Если этот престиж и падает, то не успев подняться. К психологам уже привыкли, они вошли в школы, клиники, то же самое можно сказать и об экономистах. С самого начала, когда открывали социальные специальности — социология, социальная работа, социальная антропология—никто не продумал вопрос о том, где и как эти выпускники должны трудиться. Рынок впрямую не востребует эти специальности, нет должного соответствия образования и занятости. Думаю, не авторитет социологии снижается, а продолжается ведомственная разобщенность, и в этом корень зла. Частично виноваты и стандарты — слабо прописаны функции новый специальностей. Кроме того, больше фантазии надо применить к реестру и рекламе специализаций, необходимо маркетинговое сопровождение выпускаемых специальностей.

С конца 1960-х до конца 1980-х гг. ситуация была маргинальной: социология быта реанимирована как наука, а социологического образования просто не существовало, социологи рекрутировались из математиков, философов, технарей, экономистов. Некоторые из них окончили Высшие социологические курсы на базе ВКШ, другие отзанимались в западных университетах, так, по крайней мере, шло формирование моей кафедры. В середине 1980-х обстановка быта какой-то застывшей, в классических университетах действовали уже застарелые программы по известному набору общественных наук. Даже чуть-чуть отклонявшиеся от устоявшихся понятий статьи не принимались, и я приняла решение оставить философию в классическом университете, перешла в технический вуз — и не пожалела.
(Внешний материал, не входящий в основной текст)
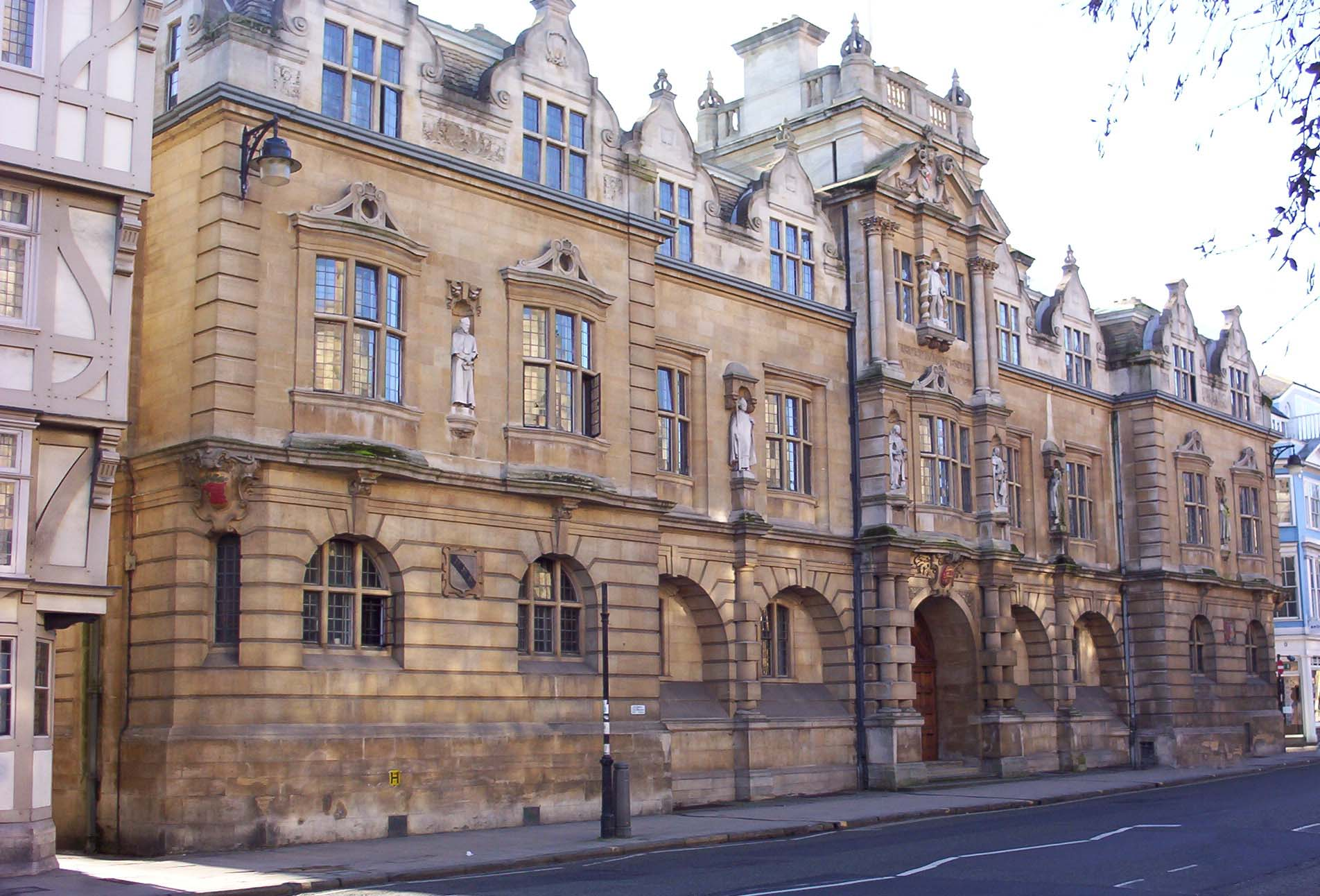 The Rhodes building of Oriel College, Oxford, seen from the northeast from the High Street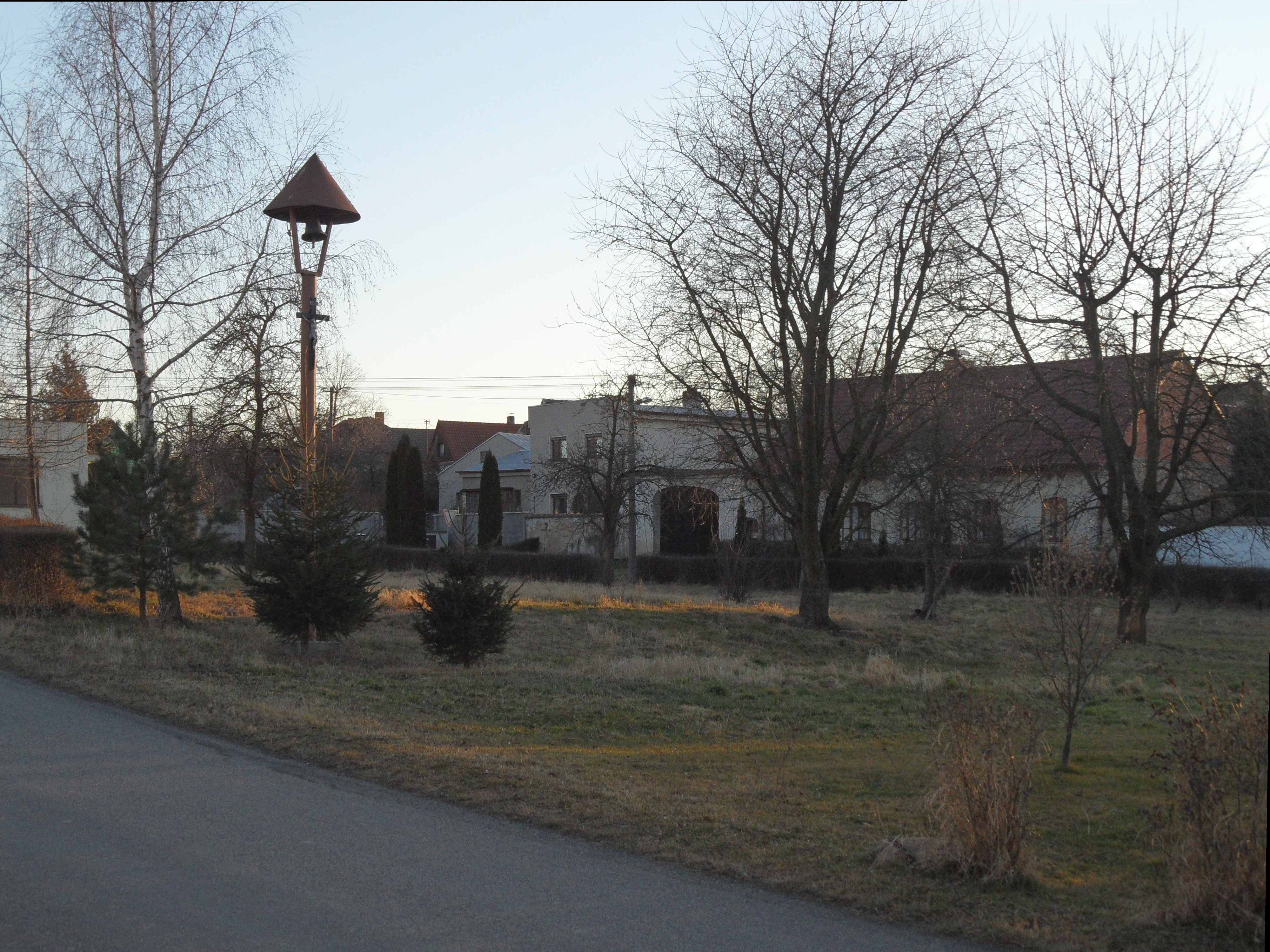 Stupárovice I. Overview of Village Square with Bell Tower, Houses in Background, Havlíčkův Brod District, the Czech Republic.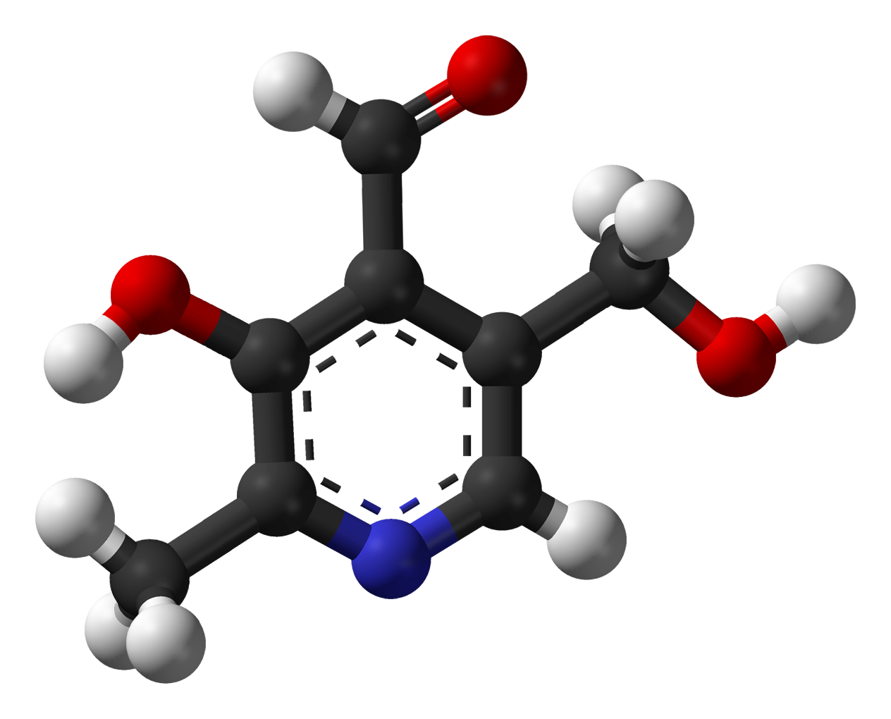 Ball-and-stick model of the pyridoxal molecule, one of the three natural forms of vitamin B6.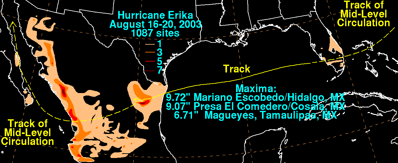 Rainfall produced by Hurricane Erika during August 2003.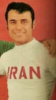 Homayoun Behzadi, Iranian retired footballer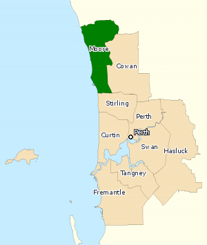 This image incorporates data that is: © Commonwealth of Australia (Australian Electoral Commission) 2009 Division of Moore 2010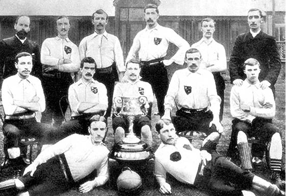 One of the first Everton FC teams ever.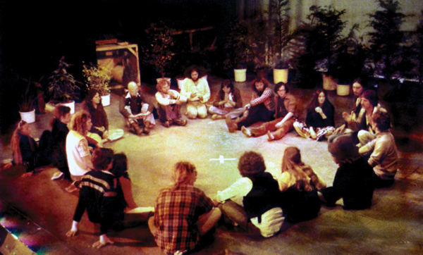 These photoes were taken by the official Nambassa photographer at the 1978 Nambassa Winter Show in New Zealand. Photographer Paul Gilbert. Uploaded by Mombas 11:48, 4 May 2007 (UTC) 1/ All users of this image are required to attribute this work to "Nambassa Trust and Peter Terry" and the URL: " " is to accompany all use. 2/ Attribution. You must attribute the work in the manner specified by the author or licensor. 3/ For any reuse or distribution, you must make clear to others the license terms of this work. Statement by Nambassa Trust and Peter Terry

— Что, на Ваш взгляд, меняется в мировом социологическом сообществе? Как оно реагирует на подобное положение вещей в своей профессиональной среде и в публичном пространстве?

Мировое сообщество ощущает себя в деятельности профессиональных ассоциаций, которые связаны с разработкой этических кодексов и обсуждением новых интеллектуальных направлений, созданием издательских проектов, обсуждением возможностей занятости, в то время как отечественные ассоциации и сообщества пока делят территорию своего влияния на профессионалов. Интересно изменение отношения к провинции. Все чаще соглашаются с тем, что провинциализм — культурное, а не географическое понятие, оно означает агрессивную самодостаточность, закрытость, изоляционизм, нежелание открытой дискуссии, уход в российское своеобразие, иногда представляющее антизападнические настроения, антиамериканизм. Нелюбовь к конкретному анализу порой сочетается с игнорированием независимости научной экспертизы, потоком эмоций, отсутствием диалога.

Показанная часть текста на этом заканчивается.